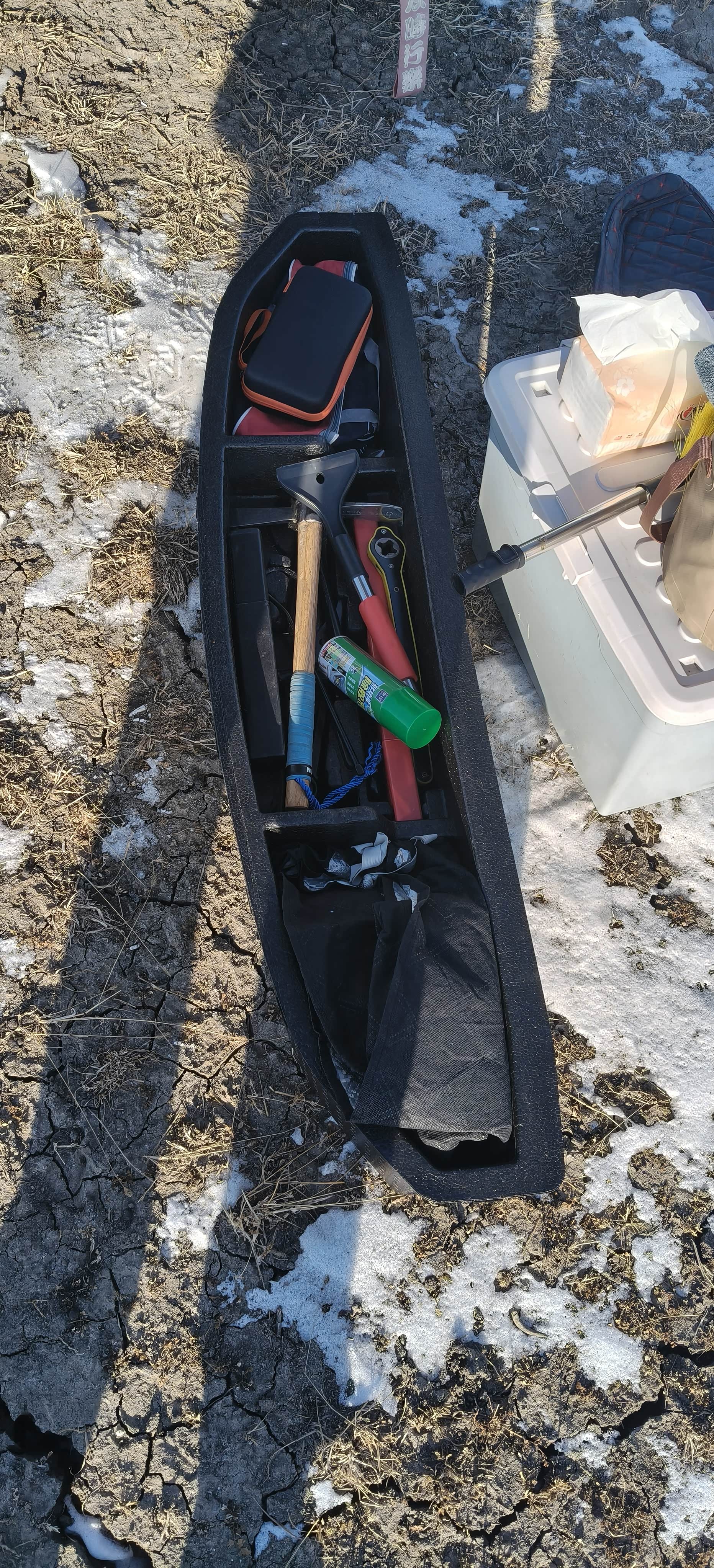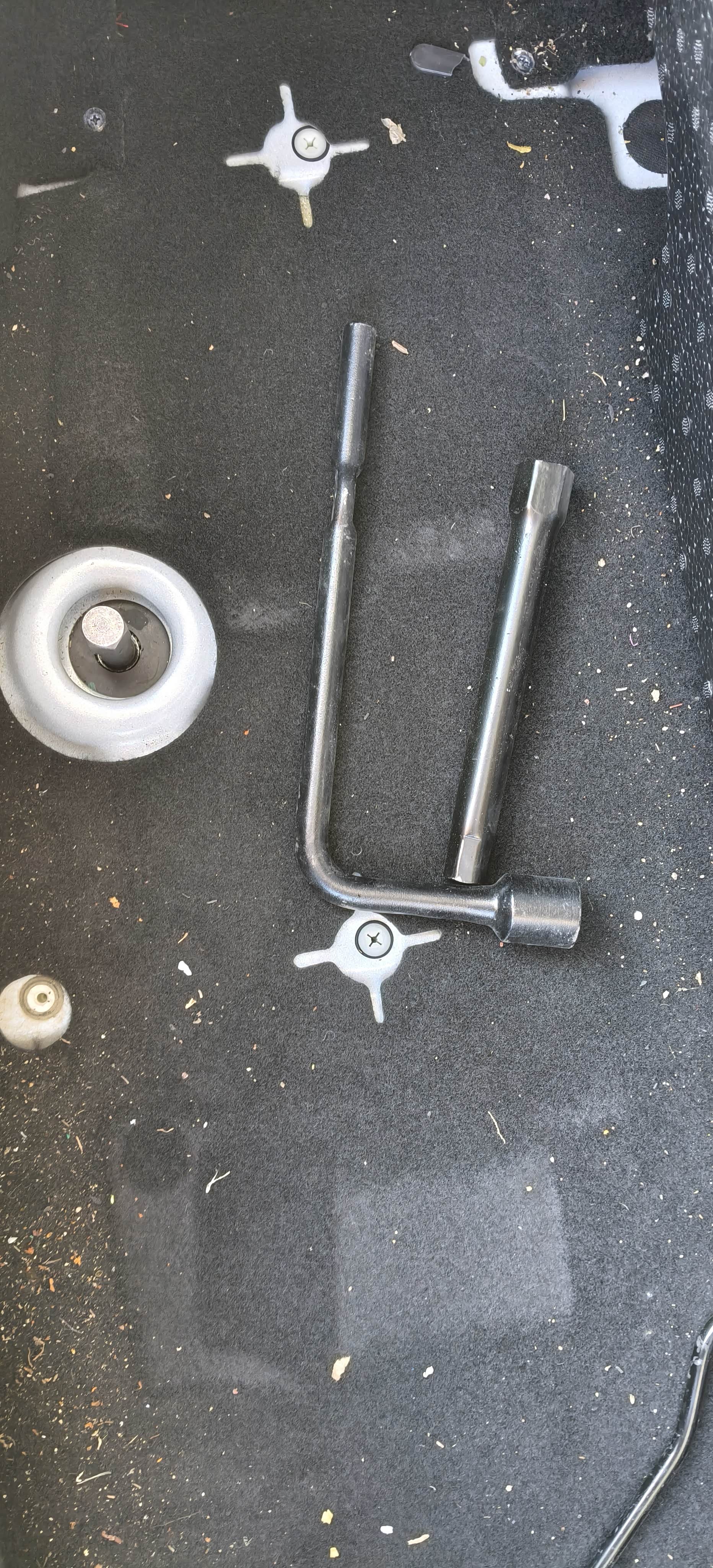 在里面找到工具 卸轮胎螺丝的扳手和车辆的千斤顶(架机)
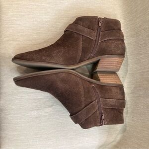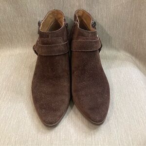LUCKY BRAND Sz 8 LK-Enitha Faux Suede Buckle Harness Stacked Western Vibe Heels Booties. Super cute. Perfect with jeans. Ready for the festival, the rodeo or because you want to feel fabulous.
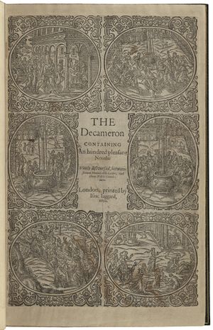 A copy of Boccaccio's The decameron containing an hundred pleasant nouels. Wittily discoursed, betweene seauen honourable ladies, and three noble gentlemen, printed by Isaac Jaggard in 1620.
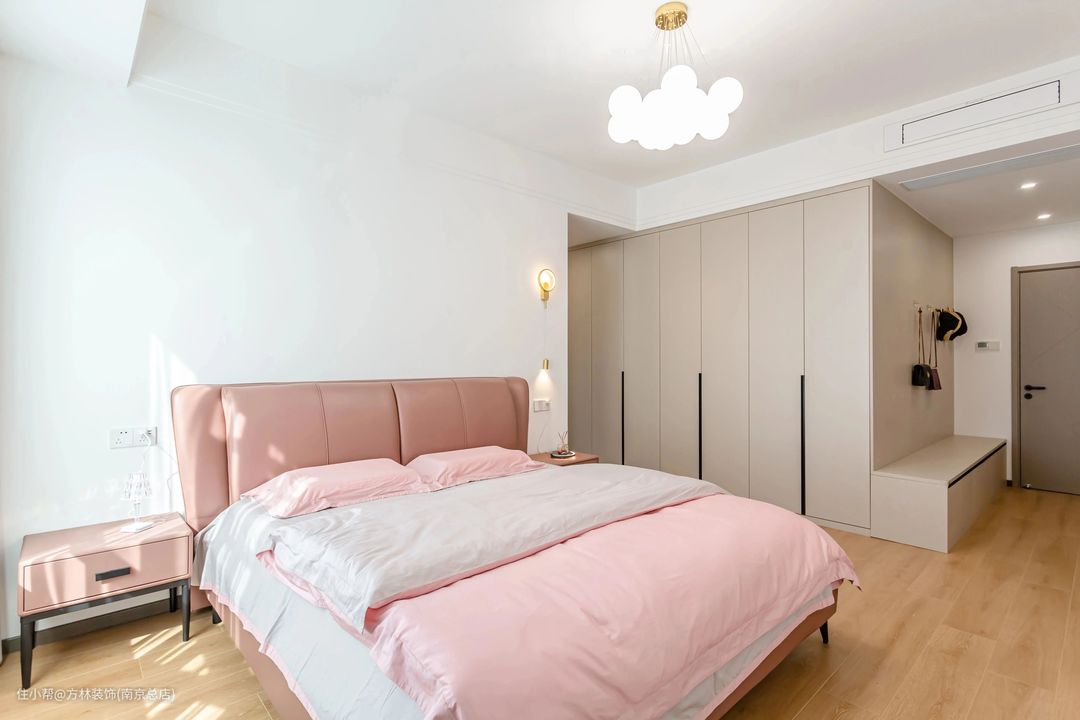 主卧淡雅的色调、极简的线条,营造舒适的视觉效果。带有粉色的软包面料与中性色木质的碰撞,演绎都市时尚魅力,属于夜晚的美好,在这里开始。
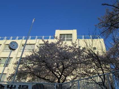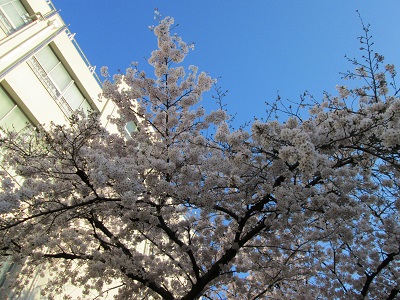 淡いピンクと、白い校舎、そして、抜けるような青空。

_WORK TO BE COMPLETED_:
The reply should hold only the lines from the first line of the records above through the line containing "LUCKY BRAND Sz", copied exactly and without pictures.

_ANSWER BOX_:
 在里面找到工具 卸轮胎螺丝的扳手和车辆的千斤顶(架机)
LUCKY BRAND Sz 8 LK-Enitha Faux Suede Buckle Harness Stacked Western Vibe Heels Booties. Super cute. Perfect with jeans. Ready for the festival, the rodeo or because you want to feel fabulous.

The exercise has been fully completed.